BEGIN Supplied material

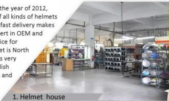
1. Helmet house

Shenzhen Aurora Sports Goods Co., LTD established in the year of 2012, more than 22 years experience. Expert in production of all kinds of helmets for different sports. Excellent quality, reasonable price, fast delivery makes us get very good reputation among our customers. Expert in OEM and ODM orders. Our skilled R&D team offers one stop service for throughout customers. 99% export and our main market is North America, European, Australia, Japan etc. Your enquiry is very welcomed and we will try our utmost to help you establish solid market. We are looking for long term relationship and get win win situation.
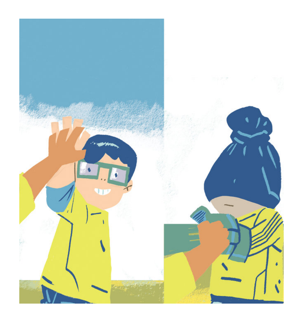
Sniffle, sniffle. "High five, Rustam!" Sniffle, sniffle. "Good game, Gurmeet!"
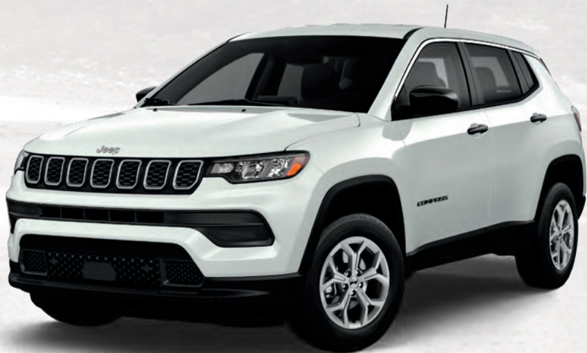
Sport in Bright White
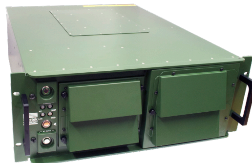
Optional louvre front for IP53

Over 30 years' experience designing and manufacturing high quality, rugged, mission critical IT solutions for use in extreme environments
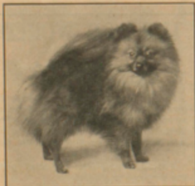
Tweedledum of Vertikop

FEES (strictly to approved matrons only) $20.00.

END Supplied material
BEGIN Supplied material

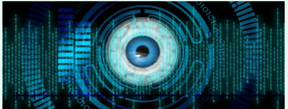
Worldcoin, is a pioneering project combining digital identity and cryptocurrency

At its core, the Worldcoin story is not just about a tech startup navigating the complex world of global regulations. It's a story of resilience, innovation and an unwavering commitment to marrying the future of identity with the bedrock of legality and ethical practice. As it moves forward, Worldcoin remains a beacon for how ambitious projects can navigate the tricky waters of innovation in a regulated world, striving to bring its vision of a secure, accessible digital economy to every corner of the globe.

END Supplied material

To do.
Lines holding the word "quality" are the answer; copy each one from the records above.

Task output.
Shenzhen Aurora Sports Goods Co., LTD established in the year of 2012, more than 22 years experience. Expert in production of all kinds of helmets for different sports. Excellent quality, reasonable price, fast delivery makes us get very good reputation among our customers. Expert in OEM and ODM orders. Our skilled R&D team offers one stop service for throughout customers. 99% export and our main market is North America, European, Australia, Japan etc. Your enquiry is very welcomed and we will try our utmost to help you establish solid market. We are looking for long term relationship and get win win situation.
Over 30 years' experience designing and manufacturing high quality, rugged, mission critical IT solutions for use in extreme environments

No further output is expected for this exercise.